→ Directions for this task: Reproduce the following data exactly, minus any images.

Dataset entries
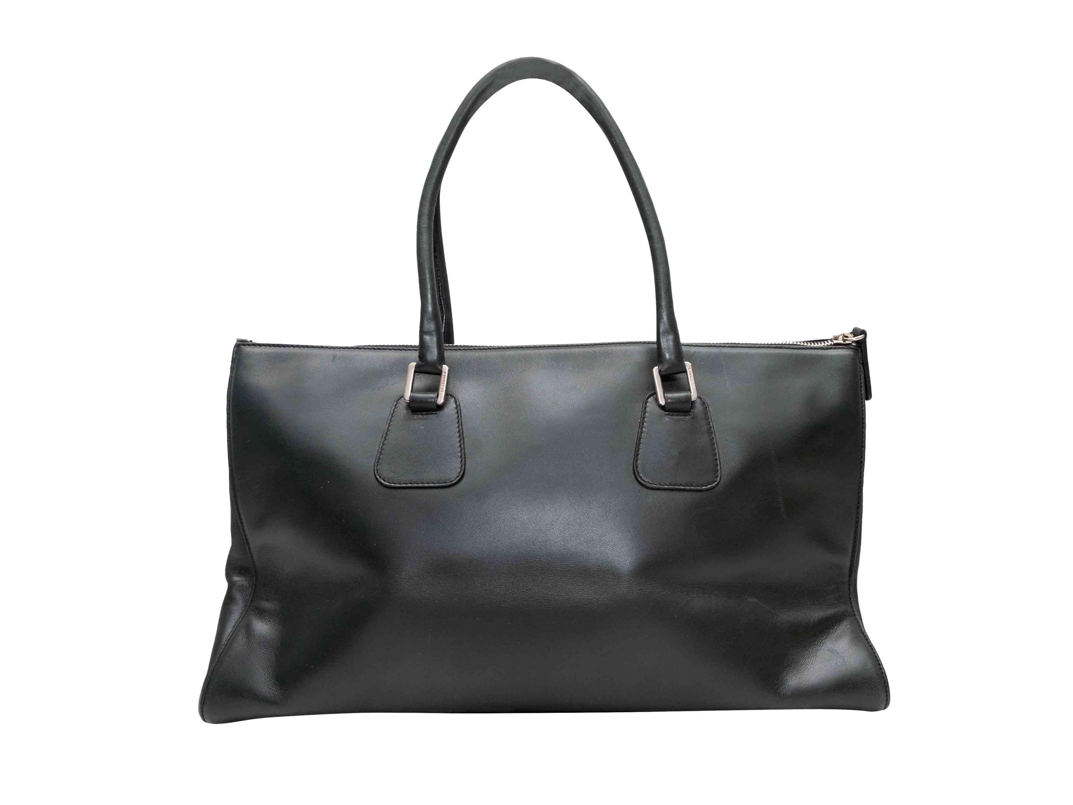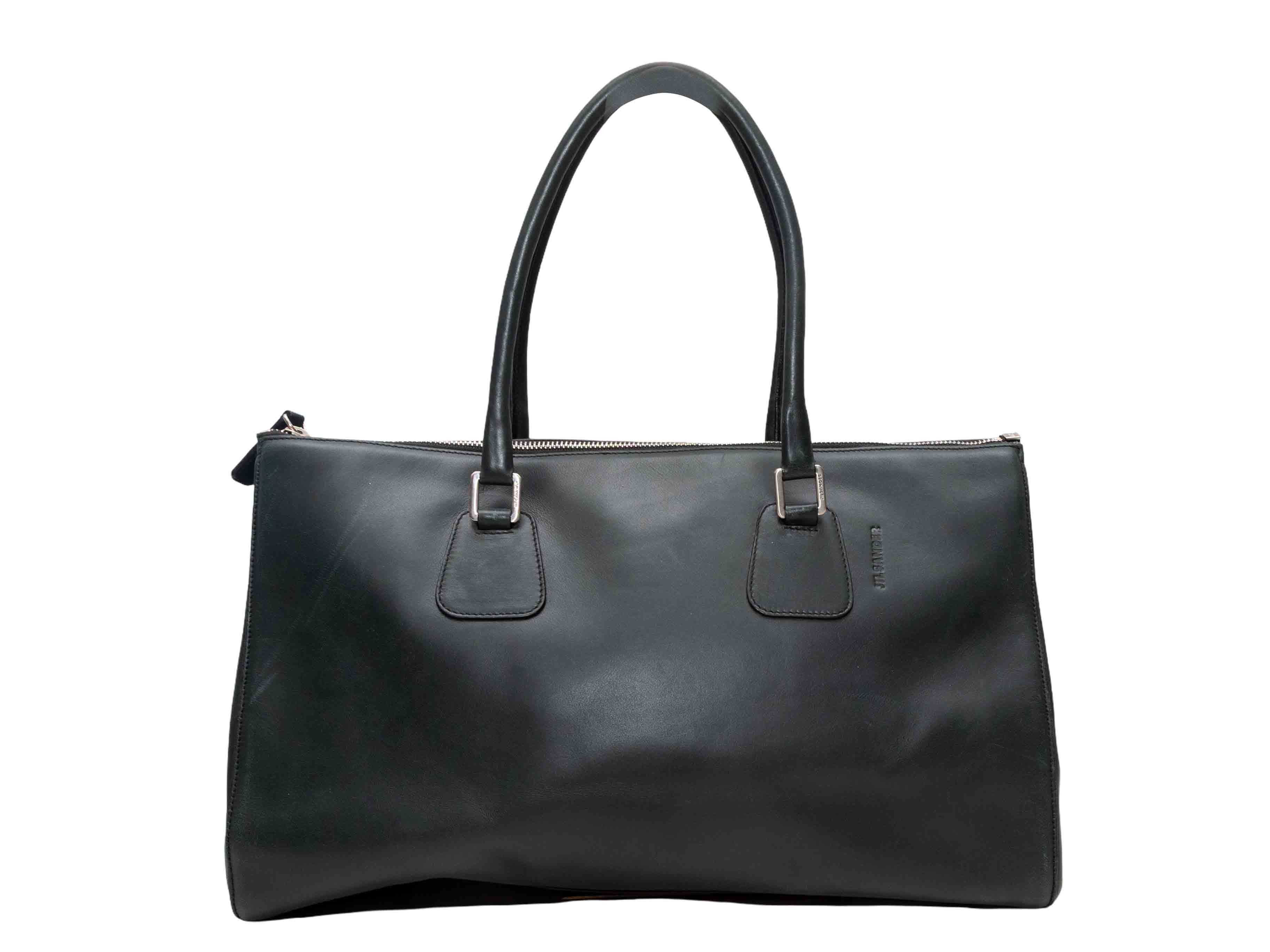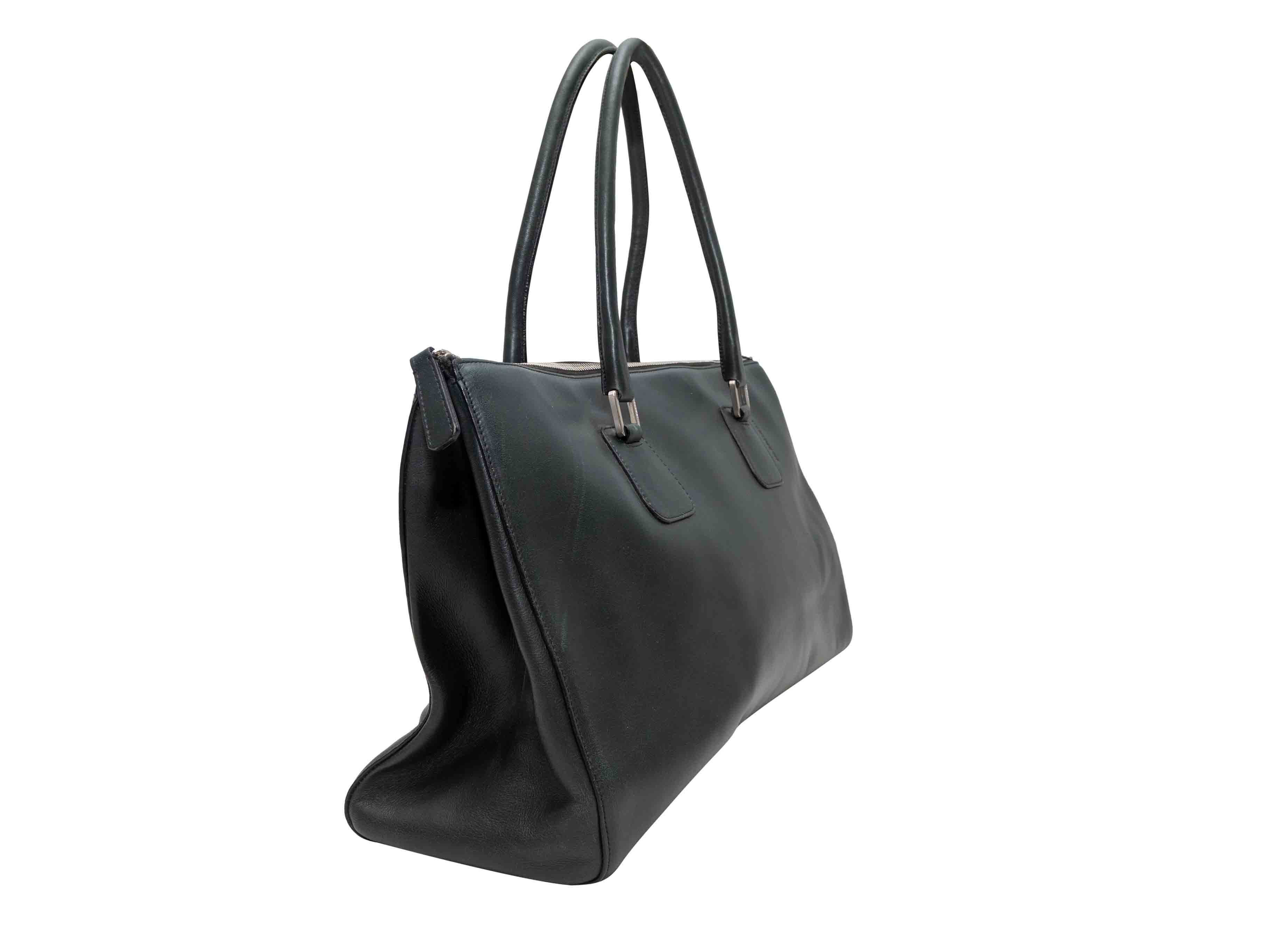 Product Details: Dark Green Jil Sander Leather Tote Bag. This tote bag features a leather body, silver-tone hardware, dual shoulder straps, and a top zip closure. 14.5" L x 9" H x 6" D, 6.5" handle drop.
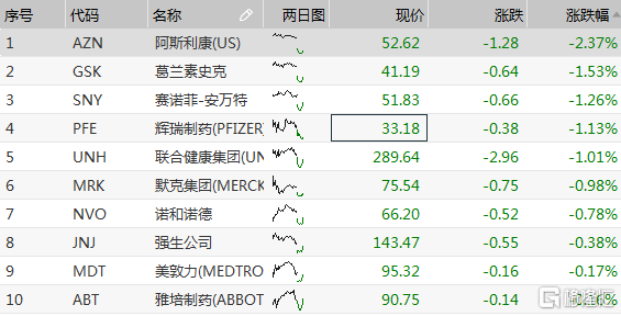 美股医药板块多数飘绿,阿斯利康跌超2%,诺和诺德、葛兰素史克、赛诺菲-安万特等有所下跌。
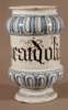 18th century, with narrow flared neck above bellied frieze painted with blue scrolls, similar footed base with central frieze painted in dark puce letters, 'El diaraidolir' (neck with 2 large and 2 small chips, chips and crazing to the foot and lower body)
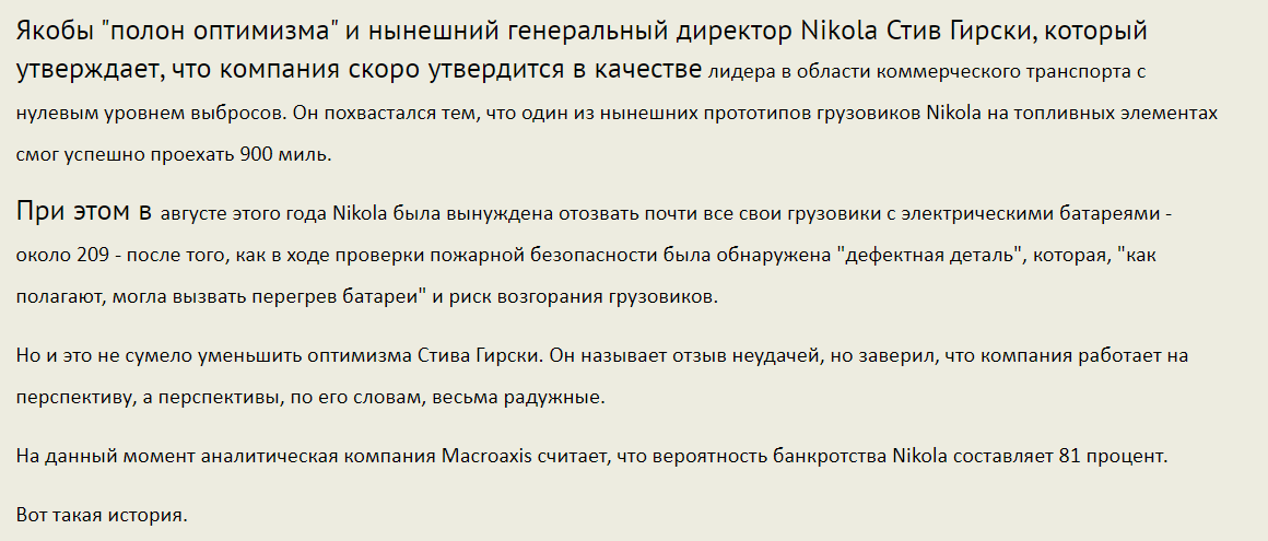 Якобы "полон оптимизма" и нынешний генеральный директор Nikola Стив Гирски, который утверждает, что компания скоро утвердится в качестве лидера в области коммерческого транспорта с нулевым уровнем выбросов. Он похвастался тем, что один из нынешних прототипов грузовиков Nikola на топливных элементах смог успешно проехать 900 миль.
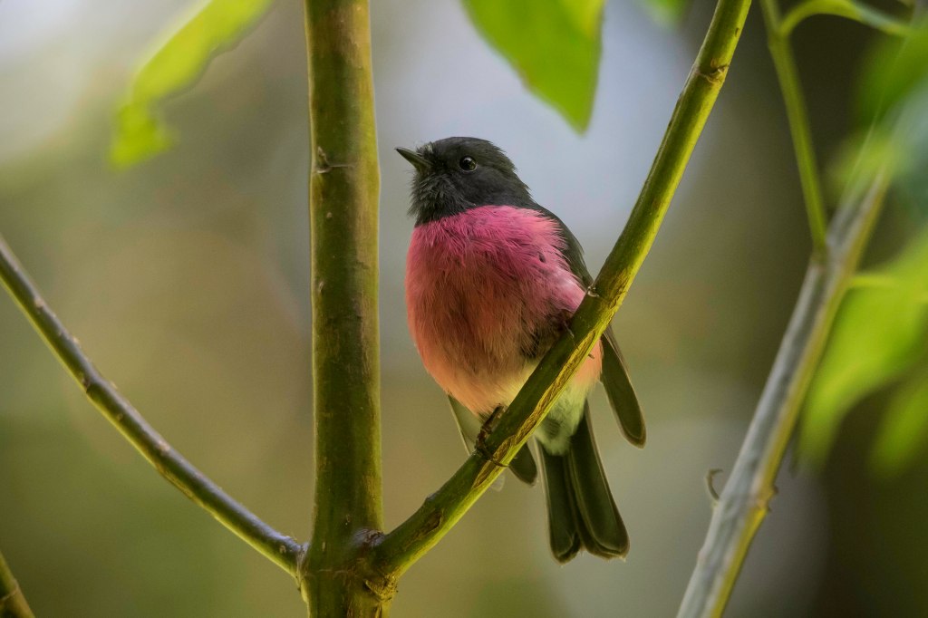 The Pink Robin – is a beautiful songbird in the Genus Petroica of Australasian Robins. Dwelling in cool temperate forests of Southeastern Australia. They draw the attention of travelling birdwatchers and local nature lovers alike as they flitter about, oblivious to their celebratory status, feeding on spiders and insects including caterpillars, beetles, wasps, flies and ants. Pictured above is the male of the species with its distinct pink breast, grey-black upperparts, wings, and tail, a little white patch on its forehead, and white undertail. The female is less striking with a mostly brown colour above, a lighter brown below, with a light pink buff breast and buff barring on the wings. Young birds are very similar in colour to the adult female, although slightly darker and more puffed-up/scruffy looking.
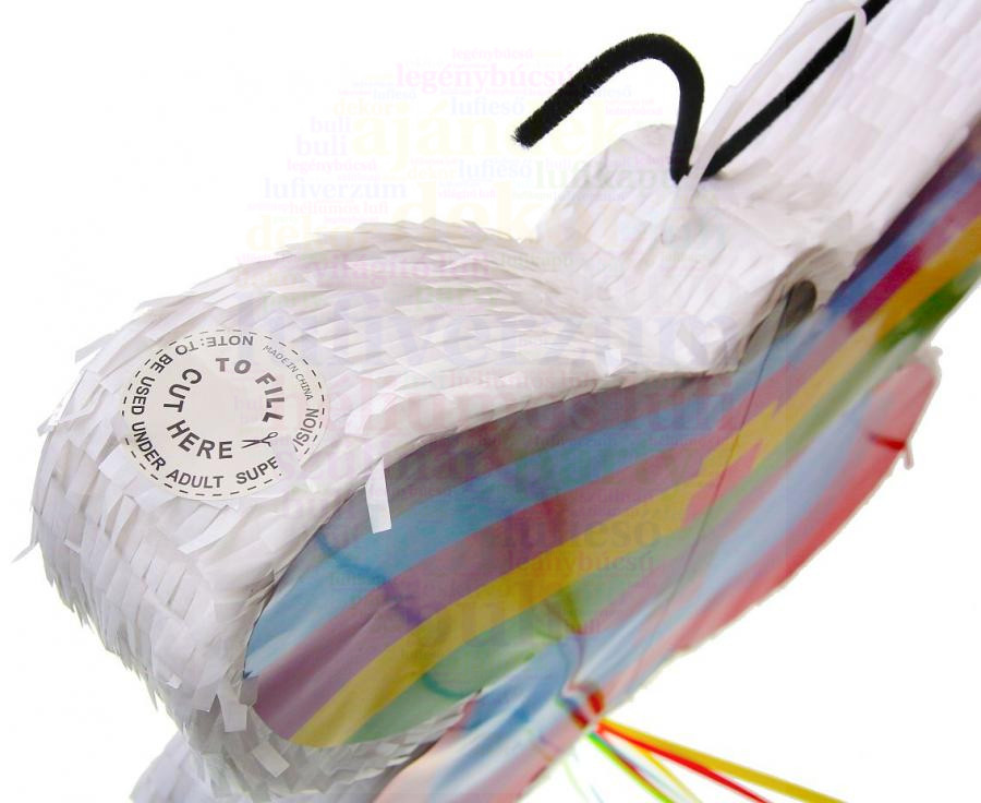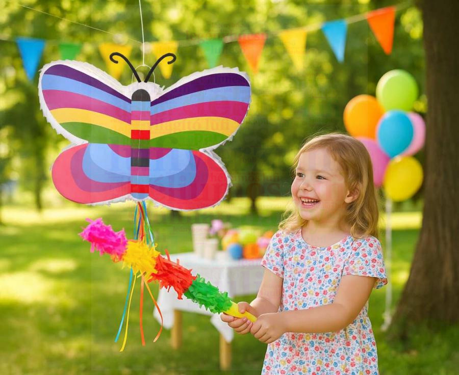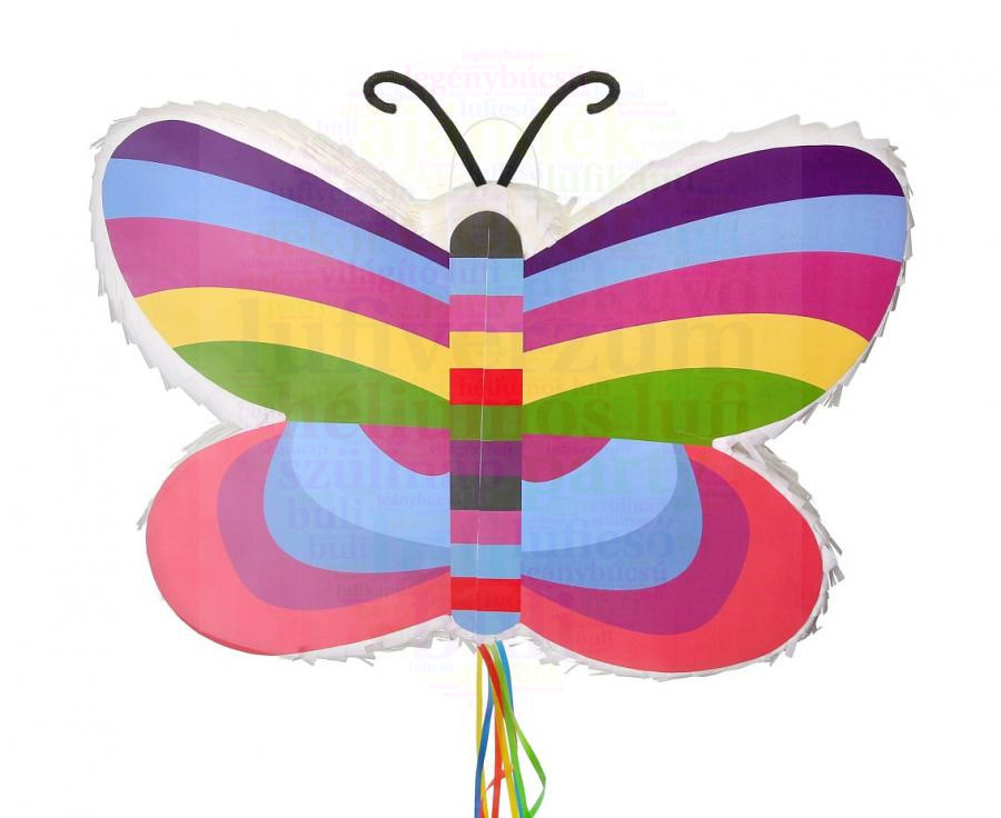 Színes, pillangó formájú parti pinata, amely tökéletes választás szülinapokra és tematikus bulikra. Megtölthető édességgel vagy apró meglepetésekkel – garantált élmény a gyerekeknek.

→ Reply:
 Product Details: Dark Green Jil Sander Leather Tote Bag. This tote bag features a leather body, silver-tone hardware, dual shoulder straps, and a top zip closure. 14.5" L x 9" H x 6" D, 6.5" handle drop.
 美股医药板块多数飘绿,阿斯利康跌超2%,诺和诺德、葛兰素史克、赛诺菲-安万特等有所下跌。
 18th century, with narrow flared neck above bellied frieze painted with blue scrolls, similar footed base with central frieze painted in dark puce letters, 'El diaraidolir' (neck with 2 large and 2 small chips, chips and crazing to the foot and lower body)
 Якобы "полон оптимизма" и нынешний генеральный директор Nikola Стив Гирски, который утверждает, что компания скоро утвердится в качестве лидера в области коммерческого транспорта с нулевым уровнем выбросов. Он похвастался тем, что один из нынешних прототипов грузовиков Nikola на топливных элементах смог успешно проехать 900 миль.
 The Pink Robin – is a beautiful songbird in the Genus Petroica of Australasian Robins. Dwelling in cool temperate forests of Southeastern Australia. They draw the attention of travelling birdwatchers and local nature lovers alike as they flitter about, oblivious to their celebratory status, feeding on spiders and insects including caterpillars, beetles, wasps, flies and ants. Pictured above is the male of the species with its distinct pink breast, grey-black upperparts, wings, and tail, a little white patch on its forehead, and white undertail. The female is less striking with a mostly brown colour above, a lighter brown below, with a light pink buff breast and buff barring on the wings. Young birds are very similar in colour to the adult female, although slightly darker and more puffed-up/scruffy looking.
 Színes, pillangó formájú parti pinata, amely tökéletes választás szülinapokra és tematikus bulikra. Megtölthető édességgel vagy apró meglepetésekkel – garantált élmény a gyerekeknek.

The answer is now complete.